CHERI
WebAssembly Micro Runtime (C-WAMR)
What is CHERI?
CHERI (Capability Hardware Enhanced RISC Instructions) is an innovative computer architecture that enhances memory safety and enables fine-grained compartmentalization for improved system security. Developed by the University of Cambridge, CHERI extends traditional instruction sets by introducing capabilities—secure and unforgeable pointers to memory and system resources.
As part of this effort, Arm, in collaboration with the University of Cambridge, has developed the Morello board—an experimental platform funded by the UKRI’s Digital Security by Design (DSbD) initiative. The Morello board features a prototype system-on-chip (SoC) and serves as an evaluation platform that integrates CHERI’s hardware concepts. This enables industry and academic partners to test and validate CHERI's potential in real-world use cases, laying the groundwork for future advancements in secure computing infrastructure.
Core Features of CHERI
Capability-Based Access Control
Secure pointers with metadata for bounds, permissions, and provenance.
Memory Safety
Prevents vulnerabilities like buffer overflows, use-after-free errors, and out-of-bounds accesses.
Compartmentalization
Isolates programs into secure compartments to limit the impact of vulnerabilities.
The Flowchart Below Illustrates This Process
CHERI Architecture
Enhances Memory Protection
Supports Software Compartmentalization
Reduces Vulnerabilities at Hardware Level
Why CHERI Matters?
CHERI delivers groundbreaking advancements in hardware-enforced security, setting a new standard for secure computing.
Hardware-Enforced Security
Ensures memory access stays within defined bounds.
Improved Isolation
Strong isolation between software components, even within the same application.
Secure Ecosystems
Supports initiatives like Digital Security by Design (DSbD) to enable secure commercial hardware.
What is WebAssembly (WASM) and WAMR?
WebAssembly (WASM) is a high-performance, platform-independent binary format designed for secure execution across web, cloud, IoT, and edge environments.

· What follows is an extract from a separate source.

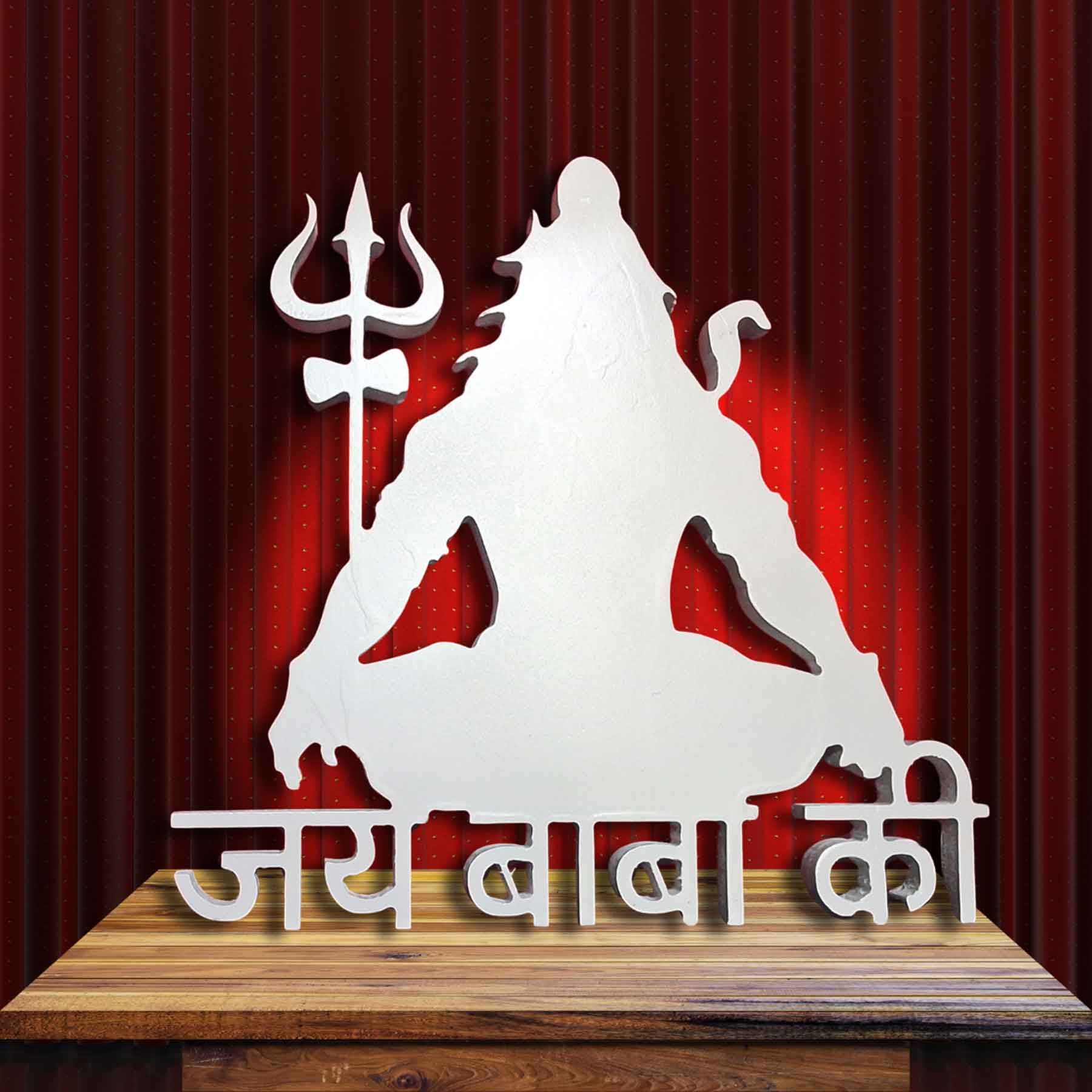 JAI BABA KI – 25MM MDF C TABLE TOP WITH LORD SHIVA IN SAMADHI Divine Peace. Himalayan Power. Eternal Devotion. Invoke the calm and cosmic strength of Bhole Baba (Lord Shiva) with this spiritually charged MDF Table Top featuring Mahadev in Samadhi, seated on a mountaintop with his Trishool standing firm beside him. The bold text below reads "JAI BABA KI"—a sacred chant that uplifts and empowers. Perfect for devotees, yogis, spiritual leaders, or anyone who seeks divine energy in their space. ✨ PRODUCT HIGHLIGHTS Spiritual & Meditative Design The central visual features Lord Shiva sitting cross-legged in deep meditation, symbolizing stillness, awakening, and supreme consciousness. His Trishool (trident) stands beside him, rooted in strength and righteousness, while the mountain backdrop reflects his eternal abode—Mount Kailash. Powerful Devotional Text – JAI BABA KI Beneath the imagery is the inscription "JAI BABA KI", a phrase filled with Bhakti (devotion) and spiritual vibration. It connects the viewer to Shiva’s energy—raw, limitless, and compassionate. Premium 25mm MDF Structure Crafted from high-grade 25mm thick MDF, the table top has a substantial presence and robust build, perfect for personal altars, office desks, living rooms, or yoga studios. Multiple Finish Options Customize it to suit your environment and spiritual vibe:

It ensures sandboxed, near-native execution with strong portability.
WAMR (WebAssembly Micro Runtime) is a lightweight, optimized runtime for standalone WASM execution, supporting interpreted, Ahead-of-Time (AoT), and Just-in-Time (JIT) compilation. It is ideal for resource-constrained systems, ensuring fast, secure, and efficient execution.
Why WASM & WAMR?
Portability
Runs across diverse OS and architectures.
Security
Sandboxed execution with strict memory isolation.

Efficiency
Optimized for low-latency, minimal resource overhead.

Flexibility
Runs across diverse OS and architectures.
WASM and WAMR power trusted execution environments, forming the foundation for double sandboxing.
Double Sandboxing
Enhancing WebAssembly Security
Double sandboxing reinforces WASM security by running it within a secondary, hardware-isolated environment to block host-level threats and enforce execution boundaries.
How It Works
TEE/Enclave Execution – Frameworks like TWINE and AccTEE embed WASM runtimes inside Trusted Execution Environments (TEEs) (e.g., Intel SGX) to prevent host-based attacks.
WASM Runtime Isolation – Inside TEEs, the WASM runtime isolates modules, ensuring controlled access to resources.
Key Benefits
Multi-Layered Security
Combines TEE-backed isolation with WASM sandboxing.
Safe Execution
Enables secure third-party WASM execution.
Advanced Threat Protection
Prevents ROP exploits, memory leaks, and privilege escalations.
About Our Project
C-WAMR
In 2022, Verifoxx received funding through the Digital Security by Design (DSbD) programme to help expand the tools and technologies available for developers. Our goal is to make the advanced security features that CHERI offers more easily accessible through our project.
CWAMR
A Capability-Aware WebAssembly Runtime & Framework
CWAMR is a research-driven WebAssembly runtime and framework, designed to bring CHERI-based compartmentalization and capability-enforced execution into the WebAssembly ecosystem. It enhances WASM security by embedding double-sandboxed execution—combining WASM’s built-in sandboxing with hardware-isolated CHERI compartments. This ensures a resilient, high-performance, and memory-safe runtime for executing WebAssembly in cloud, edge, embedded, and high-security environments.
CWAMR Extends Beyond Just a Runtime
Secure WebAssembly execution
With CHERI-enforced privilege separation.
Fine-grained Compartmentalization
Sandboxed execution with strict memory isolation.

A Complete Toolchain
For building CHERI-aware WASM applications.
Benchmarking & Research Validation
Against traditional TEEs and enclaves.
Why cWAMR is Important
Double-Sandboxed Security
Embeds WebAssembly within CHERI compartments, providing a multi-layered security model.​
Capability-Enforced Memory Safety
Eliminates buffer overflows, ROP attacks, and shared memory exploits through CHERI’s fine-grained isolation.
Compartmentalized Execution
WASM modules run inside isolated CHERI compartments, with strict control over system interactions.

Alternative to Enclaves
Avoids the performance bottlenecks of traditional TEEs (e.g., SGX), while providing better scalability and security guarantees.
Optimized Performance
Supports Ahead-of-Time (AoT) compilation and lightweight interpretation, ensuring low-latency execution including edge devices.
By leveraging hardware-backed compartmentalization, cWAMR achieves increased protection for WASM workloads while maintaining the portability and flexibility that WebAssembly is known for.
What We Are Delivering
cWAMR Runtime & Framework
A secure, CHERI-enabled WebAssembly execution layer with compartmentalized runtime support.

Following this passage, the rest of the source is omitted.